However effective an influencer you are in the culture that you are most used to, you need to think carefully about how to influence in other cultures.
There have been three key events in my life that have made me think more deeply about this issue.
The first came when I lived in Japan for two years. Being in a different culture for a decent length of time, for the first time, made me realise that what had seemed ‘normal’ and universal to me was nothing of the sort- it was culturally and historically specific. I had to learn new rules to treat people well and to prosper. Because I worked in a school in Japan I got some very different insights into the ones I had encountered growing up about what makes an ideal student or model citizen.
The second happened when I married into a new culture. Having the opportunity to be accepted into a culture that was new to me has been amazing and lucky.
The third was when my wife and I decided to try living as digital nomads. We’ve so far lived in Spain, Germany and Portugal as well as the UK (you can check out the LinkedIn group that we run here). In each country we’ve had to find ways to influence effectively to achieve the things that we want.

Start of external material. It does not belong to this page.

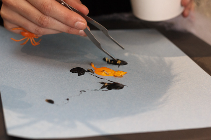 Antonia Musso prepares the maggot art with some acrylic paint (Photo: Sean McCann).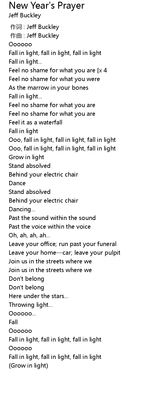 | [00:01.000] | 作曲 : Jeff Buckley |

In order to influence effectively in another culture I believe that you need to ask yourself three key questions:
- What is different? What are the points of difference with your own culture that you need to make sure don’t trip you up and impair your ability to influence?
- What is the same? Despite there being obvious differences between cultures- in a lot of ways people are the same. Generally people like being happy, want to be able to provide a good life for their family, like to be professional but also have a certain amount of time to ‘switch off’ etc. There are some things that will be superficially different but the same or very similar under the surface.
- What matters most? What are the things that if you want to create a good impression/show respect/be considerate absolutely must be done in a certain way? For example, I grew up in the UK and being punctual was important. However, sometimes I was late (not usually for really important things) but once I got to Japan I realised how punctuality there is even more important and changed my mindset. Once I left Japan I carried that mindset with me and now I am likely not just to be on time but early. In Japan I could have prepared for days for a business meeting, worn my best suit and be brimming with confidence- but if I was five minutes late all of my good work would have been undone.
I believe that having an appreciation of different cultures and being able to operate effectively in them is one of the things that makes the subject of influence so exciting. There is always more to learn!